# Application of Geometric Sequence and Series

In this tutorial we discuss the related problems of application of geometric sequence and geometric series.

__Example__:

A line is divided into six parts forming a geometric sequence. If the shortest length is $$3$$cm and the longest is $$96$$cm, find the length of the whole line.

__Solution__:

Given that

$${a_1} = 3$$, $${a_n} = 96$$, $$n = 6$$

Since $${a_n} = {a_1}{r^{n – 1}}$$

we have

$$96 = 3 \times {r^5}$$ $$ \Rightarrow r = 2$$

For the length of the whole line, we have

$${S_n} = \frac{{{a_1}\left( {{r^n} – 1} \right)}}{{r – 1}}$$ (As $$r > 1$$)

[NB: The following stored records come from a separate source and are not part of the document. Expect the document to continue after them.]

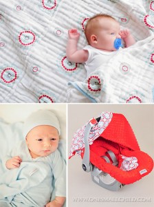{Snug and cozy! Baby is wrapped in a muslin swaddle blanket from our Aden and Anais Boy Gift Tote.}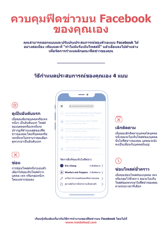 หากคุณต้องการเห็นโพสต์มากขึ้นหรือน้อยลงจากเพื่อน เพจ หรือกลุ่มแบบเฉพาะเจาะจง คุณสามารถปรับฟีดข่าวของคุณให้ตรงกับความต้องการได้ด้วยการใช้การตั้งค่าควบคุมความเป็นส่วนตัวต่างๆ เช่น ‘เห็นโพสต์ก่อน’ ‘เลิกติดตาม’ ‘ซ่อนโพสต์’ และ ‘ซ่อนโพสต์ชั่วคราว’ นอกจากนี้ ทางลัดสู่การตั้งค่าความเป็นส่วนตัวเหล่านี้ยังมีให้บริการในฟีเจอร์ “ทำไมฉันจึงเห็นโพสต์นี้” อีกด้วย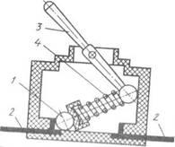 В штоковых выключателях скорость переключения контактов определяется скоростью перемещения производственного механизма. При малой скорости взаимное перемещение подвижных и неподвижных контактов происходит медленно, что приводит к длительному горению дуги, возникающей между размыкающимися контактами, и их быстрому разрушению из-за оплавления и усиленного окисления. Для нормальной работы такого выключателя скорость перемещения механизма должна быть не менее 0,5 м/мин. А для обеспечения мгновенного переключения контактов используются специальные пружинные механизмы, освобождающиеся с помощью спусковых механизмов (собачек). Пружины также используются для обеспечения необходимой силы контактного нажатия. На рис.7 показано устройство простого конечного выключателя.
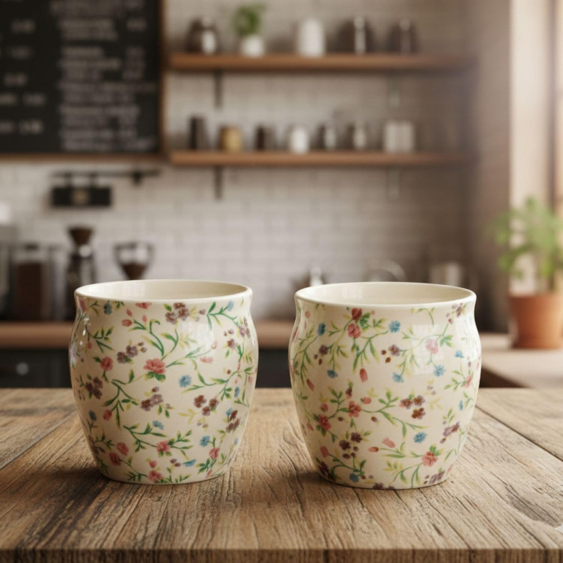 Freakway Hand-Painted Ceramic Floral Kullad Set, Multicolor Tea Cups, Set of 2
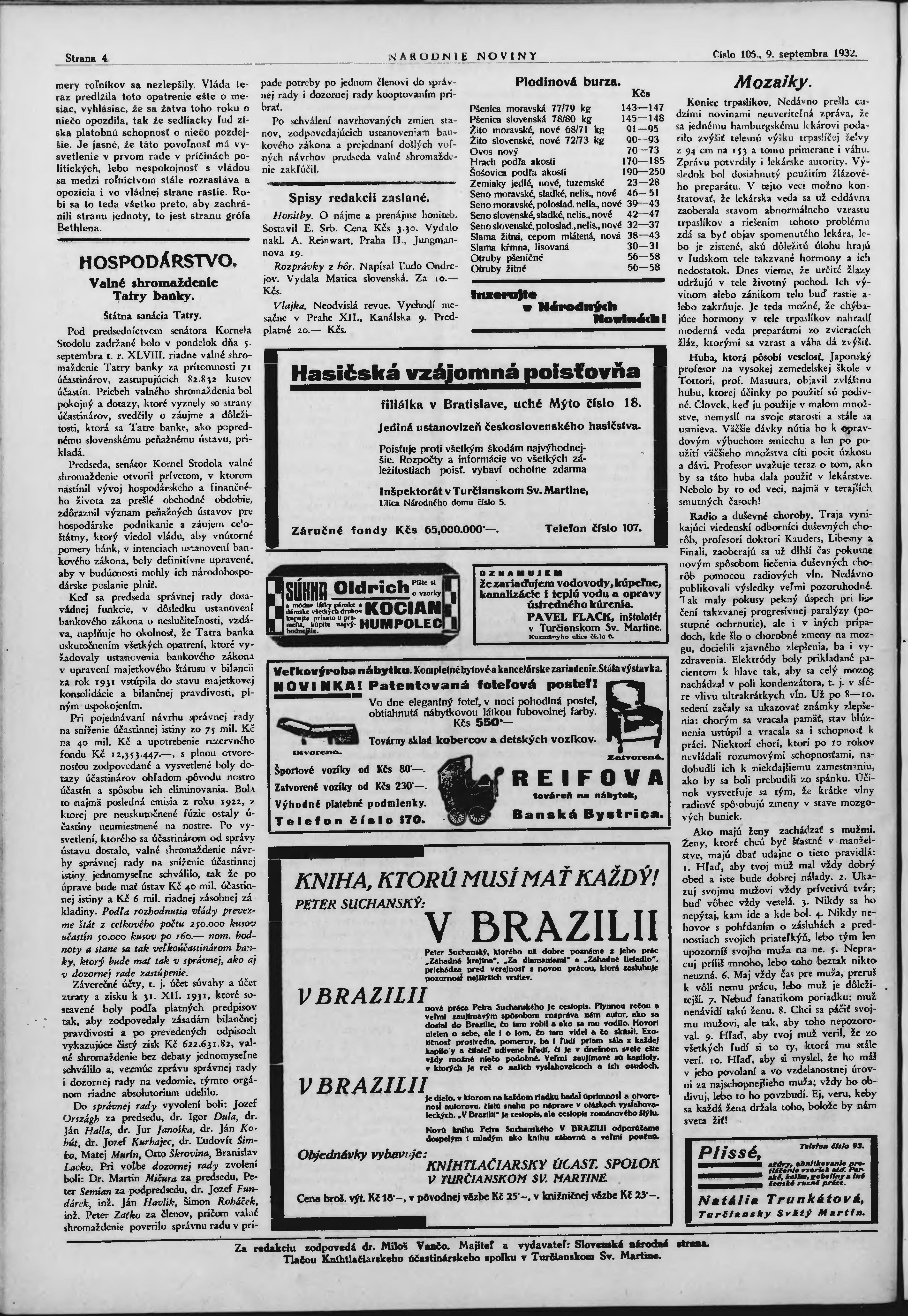 * Datum vydání výtisku: 9.9.1932 Číslo výtisku: 105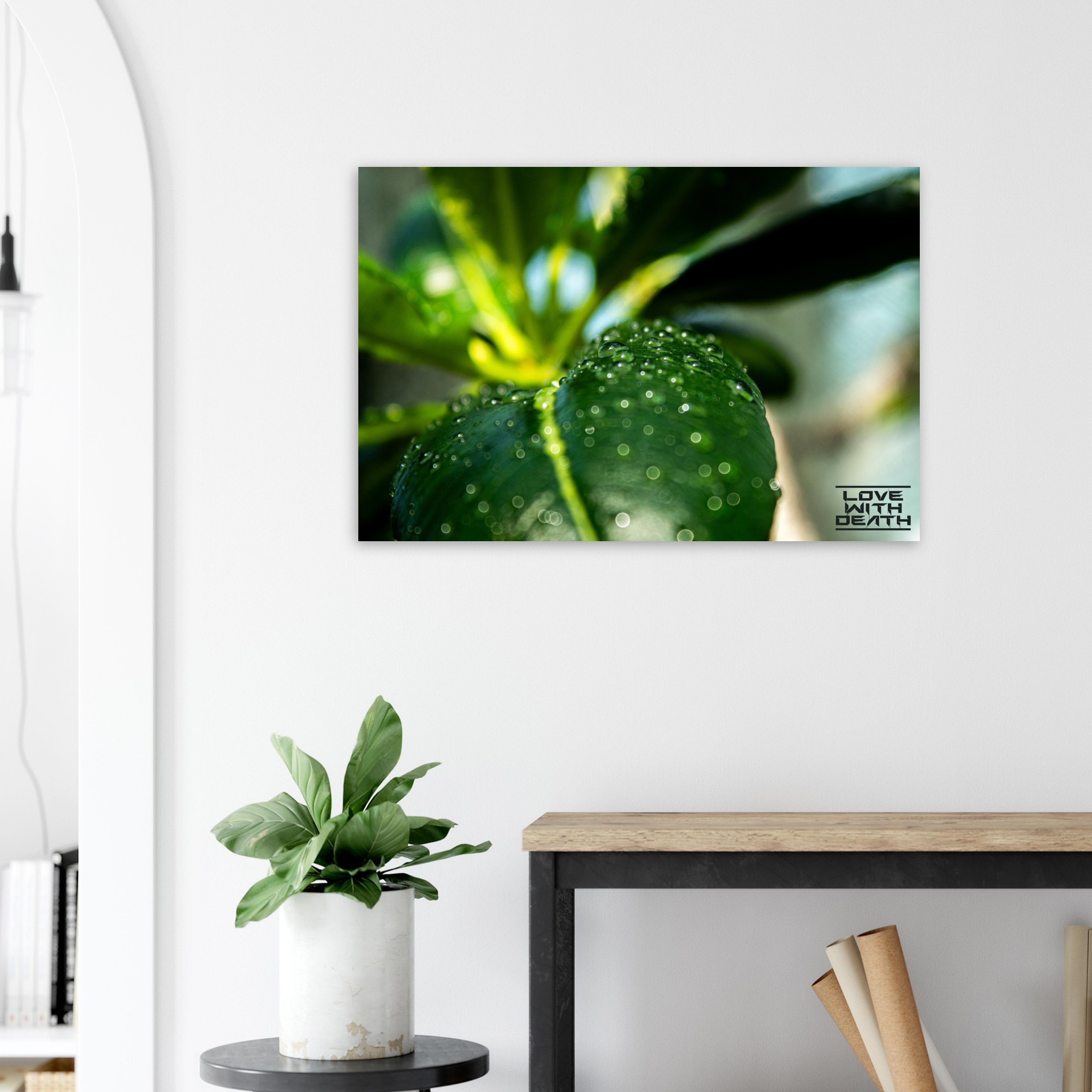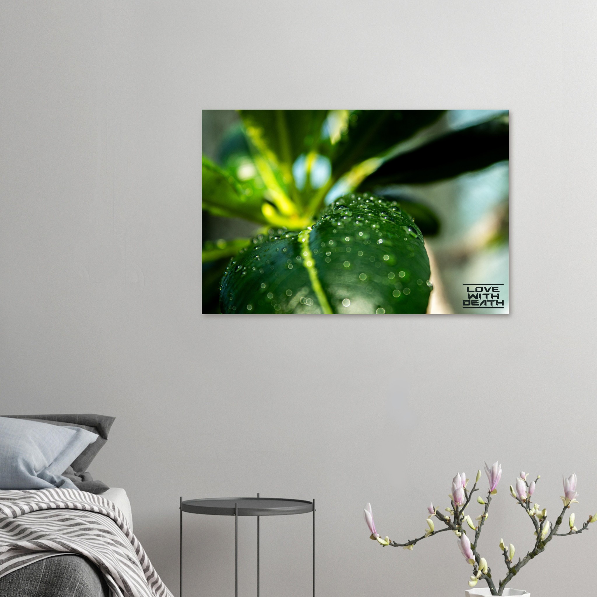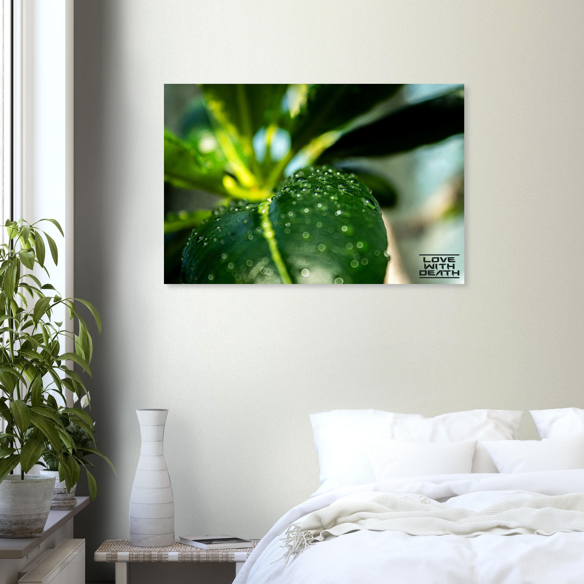 A captivating macro shot that captures the beauty of a green leaf adorned with glistening dewdrops. The natural light and soft bokeh in the background lend the image depth and a soothing atmosphere. The droplets reflect the clarity and freshness of a morning, while the vibrant green of the leaf radiates life and energy.
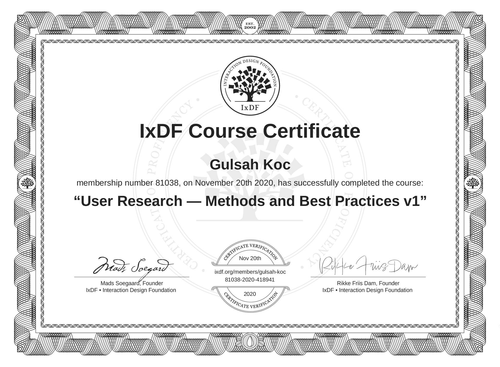Gulsah Koc's IxDF Course Certificate: User Research — Methods and Best Practices v1

$${S_n} = \frac{{3\left( {{2^6} – 1} \right)}}{{2 – 1}} = 3\left( {64 – 1} \right) = 189$$cm

Therefore, the whole length of the line is equal to $$189$$cm.

__Example__:

The value of an automobile depreciates at the rate of $$15\% $$ per year. What will the value of an automobile be after three years if it is purchased for $$4500$$ dollars?

__Solution__:

Let $${a_1} = 4500$$ = purchased value of the automobile.

The value of automobile at the end of the first year

$$ = {a_1} – {a_1}\left( {\frac{{15}}{{100}}} \right) = {a_1}\left( {1 – 0.05} \right) = {a_1}\left( {0.85} \right)$$

The value of the automobile at the end of the second year

$$ = {a_1}\left( {0.85} \right) – {a_1}\left( {0.85} \right)\left( {\frac{{15}}{{85}}} \right) = {a_1}\left( {0.85} \right)\left[ {1 – \frac{{15}}{{100}}} \right]$$

$$ = {a_1}\left( {0.85} \right)\left( {1 – 0.85} \right) = {a_1}\left( {0.85} \right)\left( {0.85} \right) = {a_1}{\left( {0.85} \right)^2}$$

Similarly, the value at the end of the third year

$$ = {a_1}{\left( {0.85} \right)^3}$$

Hence, the value of the automobile at the end of $$3$$ years after being purchased for $$4500$$

$$ = 4500{\left( {0.85} \right)^3} = 4500\left( {0.6141} \right) = 2763.45$$